Go to lmstudio.ai and click Download. The installer is available for:

Mac: .dmg for Apple Silicon (M1/M2/M3/M4) and Intel
Windows: .exe installer
Linux: .AppImage

Run the installer like any normal app. LM Studio installs to your Applications folder (Mac) or Program Files (Windows). Launch it — you'll see a clean chat interface with a sidebar for navigation.

No terminal required. If you're curious about terminal-based approaches (Ollama, llama.cpp), check our terminal beginner's guide — but for most users, LM Studio is the better starting point.

Step 2: Find and Download a Model

Click the Discover tab (magnifying glass icon in the left sidebar). This opens LM Studio's model browser — a curated list of popular open-weight models pulled from Hugging Face.

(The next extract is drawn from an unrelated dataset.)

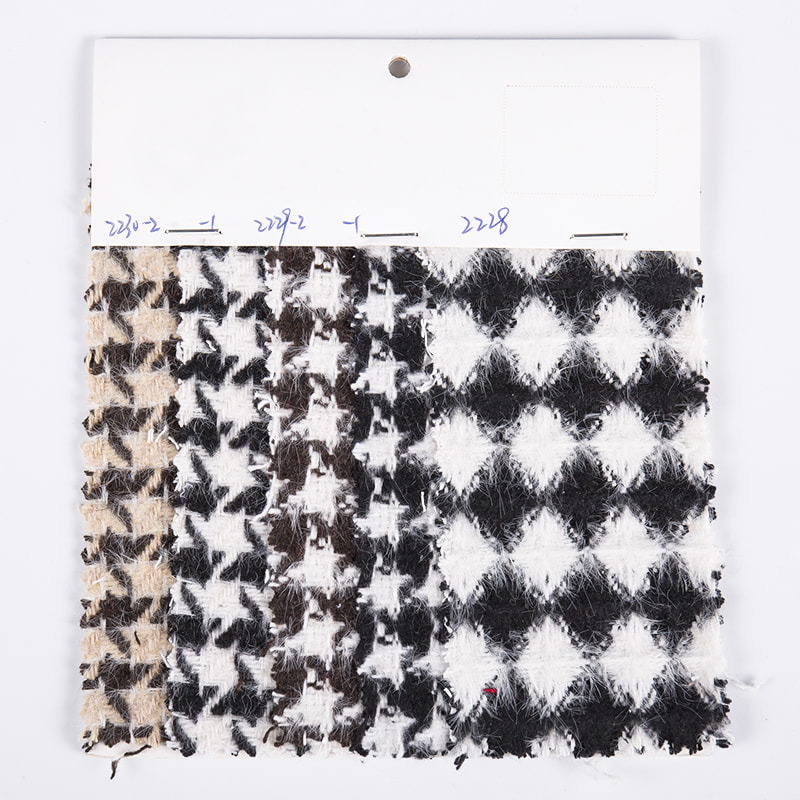 คุณสมบัติที่โดดเด่นของ Long Hair Diamond Houndstooth Tweed Fabric 2230/2229/2228 คือเทคโนโลยีการประมวลผลผมยาวอันเป็นเอกลักษณ์ ซึ่งผสมผสานรูปทรงเพชรคลาสสิกและลวดลาย Houndstooth เข้าด้วยกันเพื่อสร้างเอฟเฟกต์ภาพแบบเย็บปะติดปะต่อกันและเป็นชั้นๆ การออกแบบที่เป็นนวัตกรรมใหม่นี้ไม่เพียงแต่ทำให้เนื้อผ้าได้รับการยอมรับในระดับสูง แต่ยังทำให้มีความโดดเด่นจากผลิตภัณฑ์อื่นๆ ที่คล้ายคลึงกันอีกด้วย จากมุมมองขององค์ประกอบของวัสดุ ผ้านี้ทำจากวัตถุดิบเส้นใยเคมี 100% ทำให้มั่นใจได้ว่ามีคุณสมบัติทางกายภาพที่ดีเยี่ยมและมีเสถียรภาพทางเคมี วัสดุไฟเบอร์เคมีที่ทนทานต่อการสึกหรอ ต้านทานรอยยับ และดูแลรักษาง่าย ช่วยให้ผ้านี้รักษารูปทรงที่คมชัดและสีสดใสตลอดการใช้งานในระยะยาว ในเวลาเดียวกัน การดูดความชื้น การระบายอากาศ และตัวชี้วัดอื่นๆ ของเส้นใยเคมีได้รับการควบคุมอย่างเข้มงวดเพื่อให้แน่ใจว่าได้รับประสบการณ์ที่สบายเมื่อสวมใส่ งานฝีมือของทวีตขนยาวเพชรฮาวด์ทูธก็น่ายกย่องเช่นกัน การใช้เทคโนโลยีและอุปกรณ์สิ่งทอขั้นสูงช่วยให้ผ้ารักษาเนื้อผ้าที่หยาบในขณะที่ยังมีสัมผัสที่ละเอียดอ่อน เส้นด้ายยืนและเส้นพุ่งพันกันแน่นและสม่ำเสมอ ทำให้มั่นใจถึงความแข็งแรงและความมั่นคงของผ้า ในแง่ของการใช้งาน ผ้าทวีตเพชร Houndstooth ผมยาวถูกนำมาใช้กันอย่างแพร่หลายในแฟชั่นโอต์กูตูร์ ชุดสูทที่หรูหรา และผ้าตกแต่งต่างๆ เนื่องจากมีการออกแบบที่เป็นเอกลักษณ์และประสิทธิภาพที่ยอดเยี่ยม

You can search by name or browse by category. For most beginners, these are reliable starting picks:

Gemma 4 2B — Google's latest small model. Excellent quality for 5 GB of RAM. Great for writing, chat, and Q&A.
Mistral 7B Instruct — Strong general-purpose model. Needs ~8 GB RAM. Fast and reliable.
Llama 3.3 8B Instruct — Meta's best small model. ~10 GB RAM. Excellent for coding and reasoning.

Click a model to see its variants (different quantization levels). If you're unsure, pick the Q4_K_M variant — it's the best balance of size and quality. Click Download.

Downloads can take a few minutes depending on your connection — models range from 2 GB to 40+ GB. LM Studio shows download progress in the bottom bar.

LM Studio Setup Flow — 4 steps from download to chat

Step 3: Load a Model and Start Chatting

Once the download finishes:

Click the Chat tab (speech bubble icon)
Click Select a model to load at the top of the chat window
Choose your downloaded model from the dropdown
Click Load — the model loads into RAM (takes 5–30 seconds)
Type a message and press Enter

That's it. You're running a local AI model with no external connections.

Tip: LM Studio shows GPU and RAM usage in the bottom bar while a model is loaded. If you see memory usage spike to 95%+, try a smaller model — your current one may be too large for smooth performance.

Choosing the Right Model for Your Hardware

This is where beginners get tripped up. Bigger models produce better output, but they need more RAM. Here's the practical guide:

Model selection guide by RAM and use case

Under 8 GB RAM: Stick with Phi-4 Mini or Gemma 4 2B. They're surprisingly capable for chat, summarization, and light coding.

8–16 GB RAM (most laptops): Mistral 7B or Llama 3.3 8B. These are the sweet spot — strong reasoning, fast enough for real-time chat.

16–32 GB RAM (gaming PCs, M-series Mac): Gemma 4 12B or Llama 3.3 13B. Near GPT-4o quality on most tasks.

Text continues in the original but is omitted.